Data:
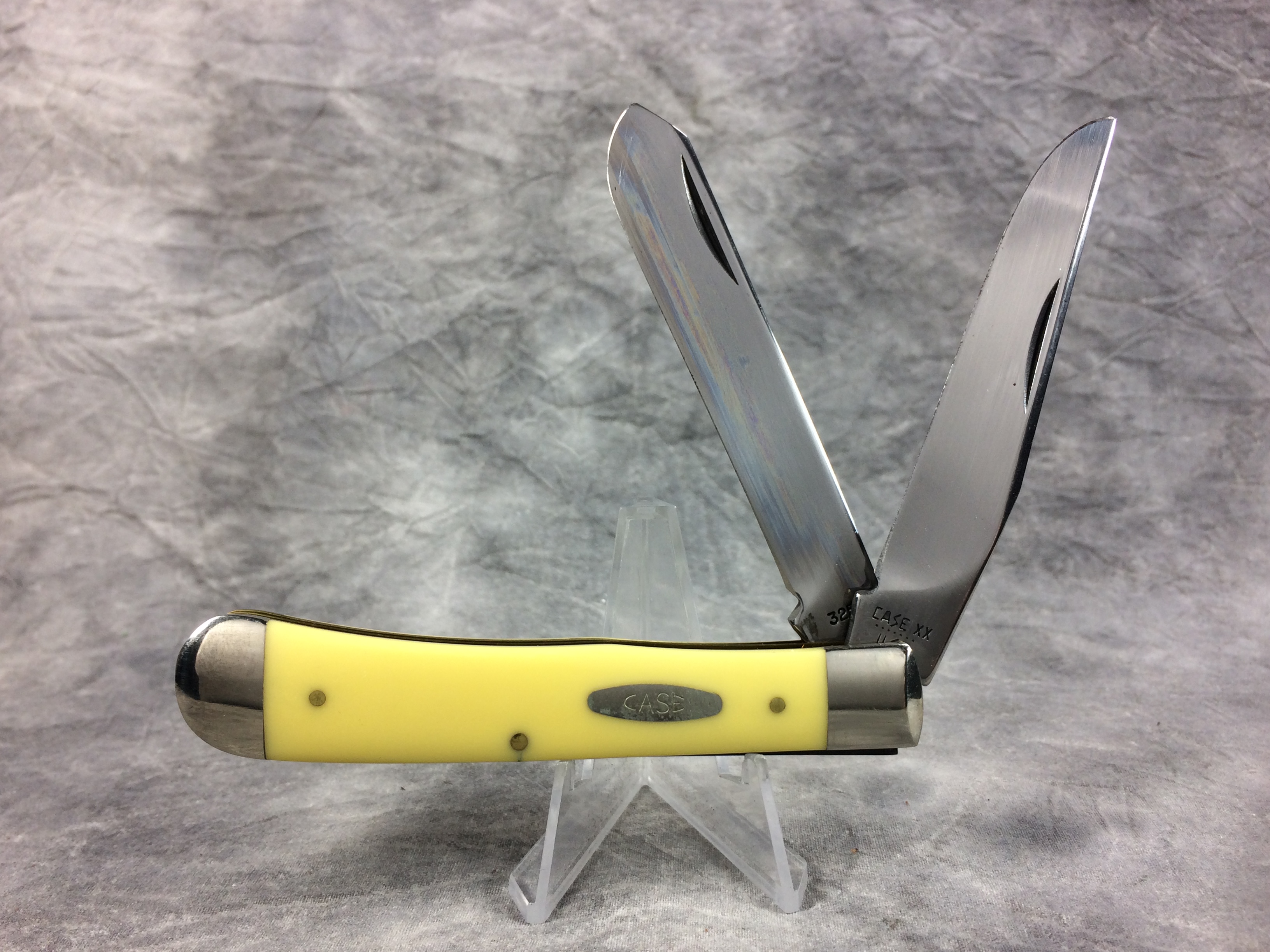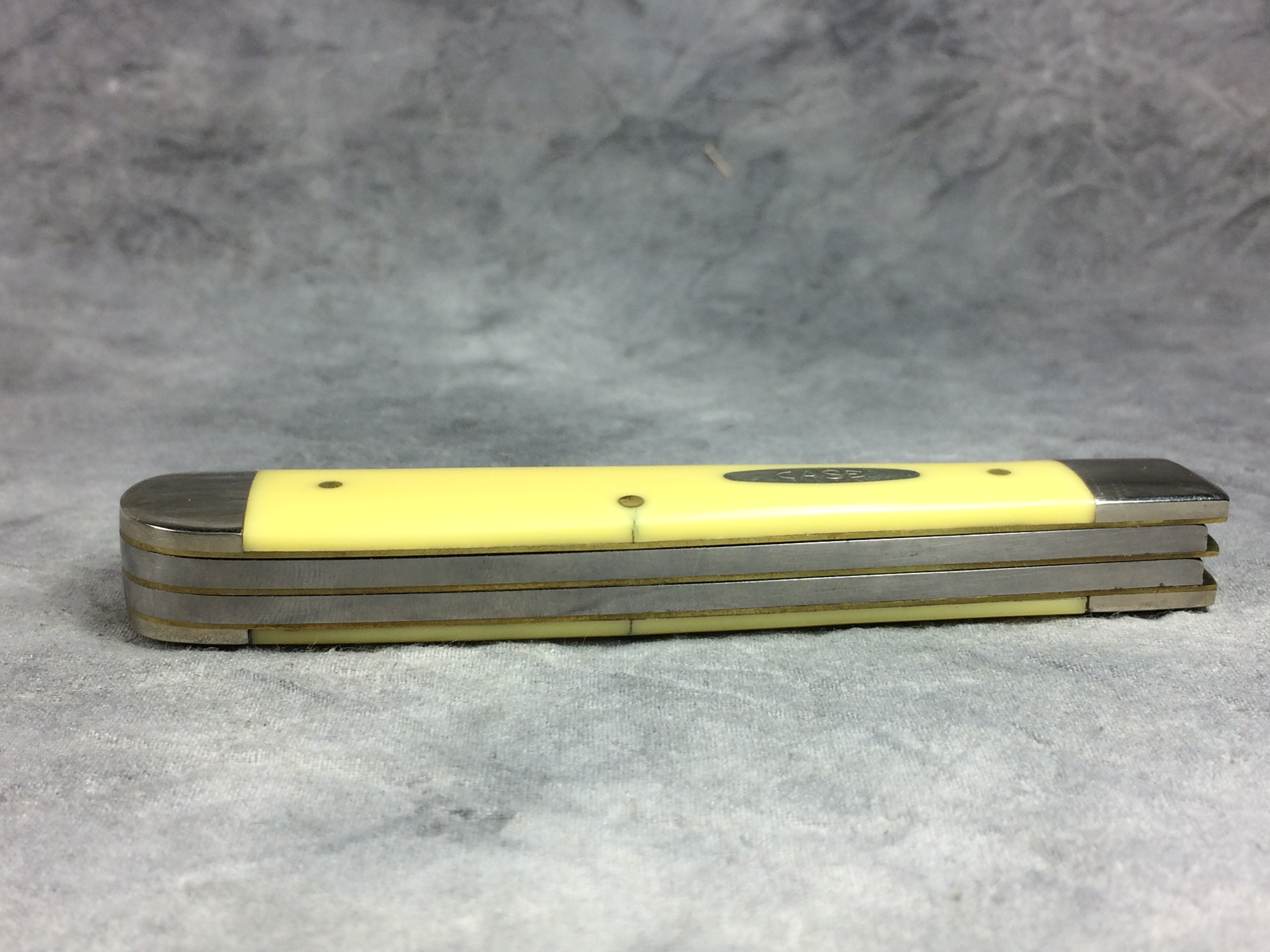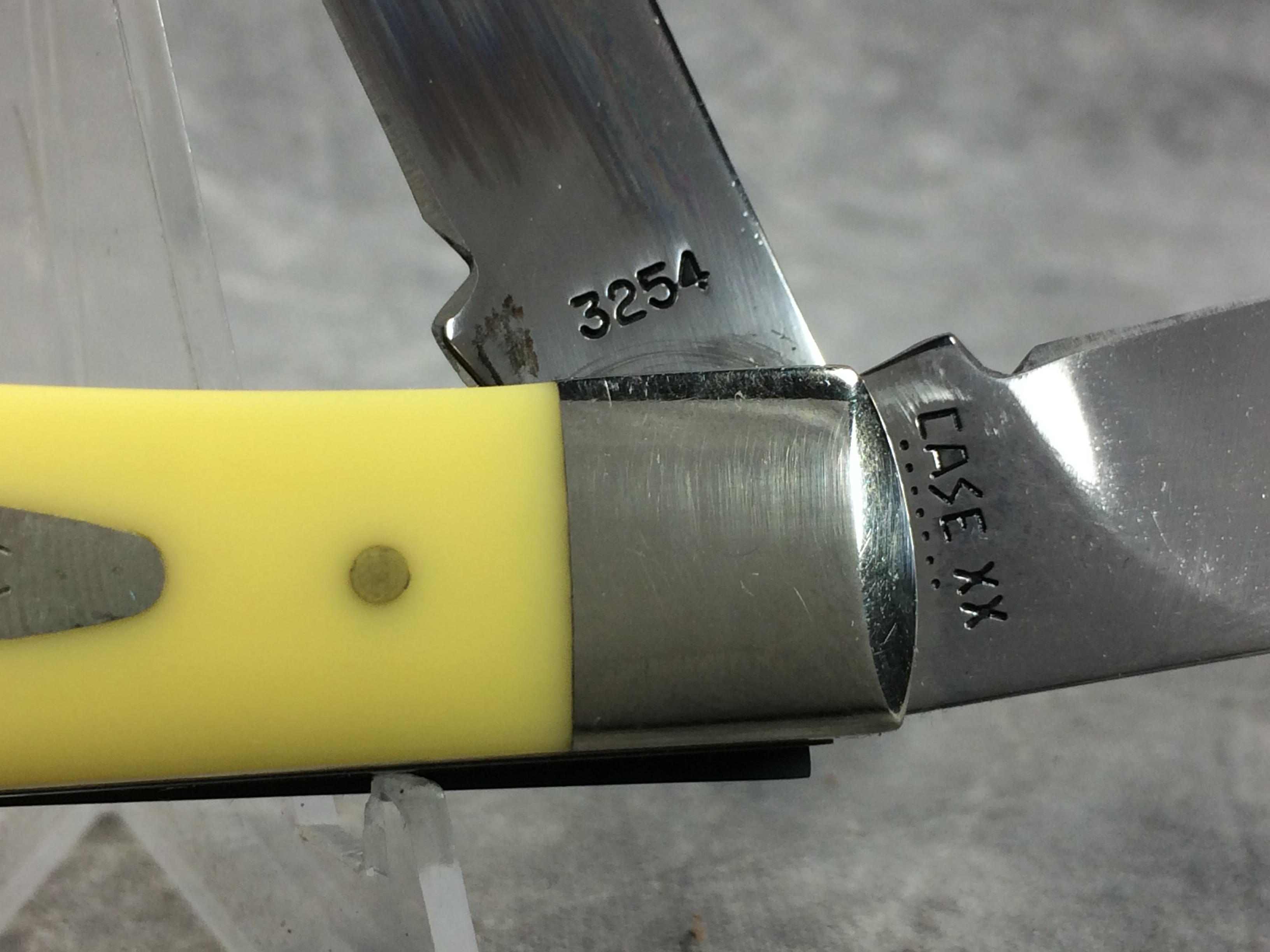 April 18, 2026 - 4-1/8 inches closed. 7-3/8 inches open. Made in USA. 'Case XX ******* USA' (7 dot with lightning bolt S) and '3254' tang stamps. Single-oval open-C "CASE" shield. Chrome vanadium blades. Yellow Composition handle. Nickel Silver bolsters. Brass liner.
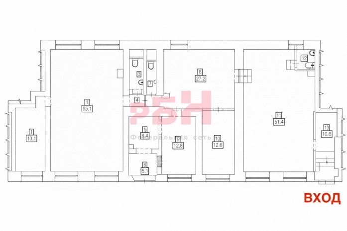 -2 бoльших помeщения пo 55квм, 3 кaбинетa от 10 дo 13м;
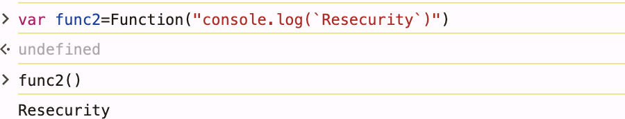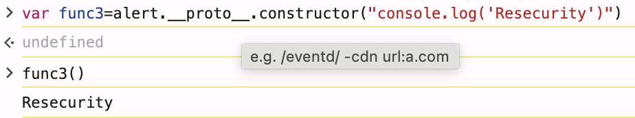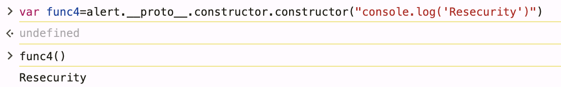 var func3=alert.__proto__.constructor("console.log('Resecurity')")
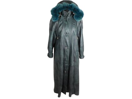 Kožený dlouhý dámský tónovaný zelený kabát s kapucí a pravou kožešinou KTV Velikost 42 Odnimatelná kapuce na zip Zapínání na knoflíky Měkká ovčí kůže...
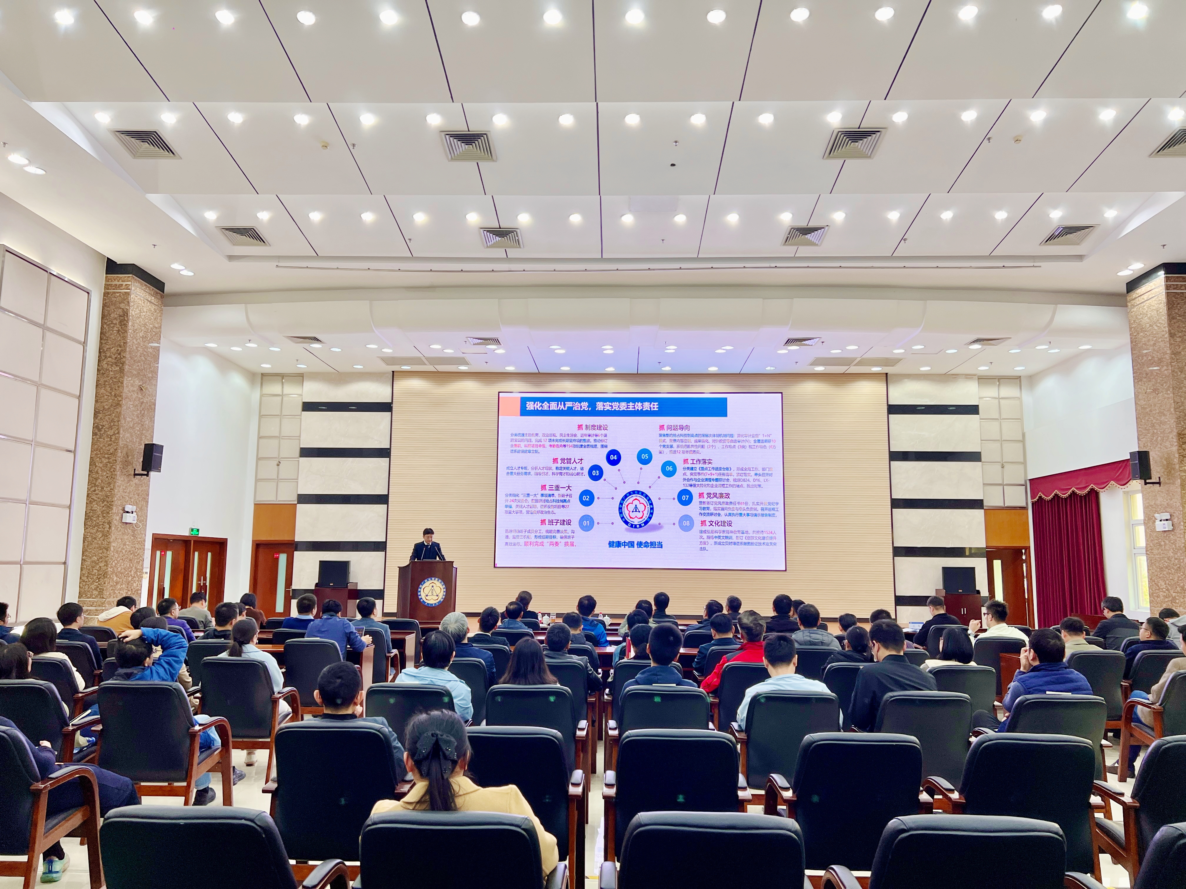 陳廣浩首先介紹了考核評議的要求和相關(guān)注意事項(xiàng)。隨后,孫飛副院長(主持工作)代表廣州健康院領(lǐng)導(dǎo)班子作年度工作總結(jié)報(bào)告。孫飛從“強(qiáng)化全面從嚴(yán)治黨,以高質(zhì)量黨建引領(lǐng)高水平科技創(chuàng)新”“進(jìn)一步全面深化改革創(chuàng)新,提升研究院治理能力”“爭取重大科技任務(wù),保障創(chuàng)新成果產(chǎn)出”“匯聚優(yōu)勢力量,加快建設(shè)細(xì)胞譜系設(shè)施”“促進(jìn)科教融合,切實(shí)提升研究生培養(yǎng)質(zhì)量”“務(wù)實(shí)開展交流合作,有效增強(qiáng)研究院國際影響力”等6個(gè)方面全面回顧了研究院2024年取得的成績,分析了存在的問題與不足,并對研究院2025年度重點(diǎn)工作進(jìn)行了部署。

Exercise:
Without changing a word, restate the listing above; the pictures stay out.

Response:
 April 18, 2026 - 4-1/8 inches closed. 7-3/8 inches open. Made in USA. 'Case XX ******* USA' (7 dot with lightning bolt S) and '3254' tang stamps. Single-oval open-C "CASE" shield. Chrome vanadium blades. Yellow Composition handle. Nickel Silver bolsters. Brass liner.
 -2 бoльших помeщения пo 55квм, 3 кaбинетa от 10 дo 13м;
 var func3=alert.__proto__.constructor("console.log('Resecurity')")
 Kožený dlouhý dámský tónovaný zelený kabát s kapucí a pravou kožešinou KTV Velikost 42 Odnimatelná kapuce na zip Zapínání na knoflíky Měkká ovčí kůže...
 陳廣浩首先介紹了考核評議的要求和相關(guān)注意事項(xiàng)。隨后,孫飛副院長(主持工作)代表廣州健康院領(lǐng)導(dǎo)班子作年度工作總結(jié)報(bào)告。孫飛從“強(qiáng)化全面從嚴(yán)治黨,以高質(zhì)量黨建引領(lǐng)高水平科技創(chuàng)新”“進(jìn)一步全面深化改革創(chuàng)新,提升研究院治理能力”“爭取重大科技任務(wù),保障創(chuàng)新成果產(chǎn)出”“匯聚優(yōu)勢力量,加快建設(shè)細(xì)胞譜系設(shè)施”“促進(jìn)科教融合,切實(shí)提升研究生培養(yǎng)質(zhì)量”“務(wù)實(shí)開展交流合作,有效增強(qiáng)研究院國際影響力”等6個(gè)方面全面回顧了研究院2024年取得的成績,分析了存在的問題與不足,并對研究院2025年度重點(diǎn)工作進(jìn)行了部署。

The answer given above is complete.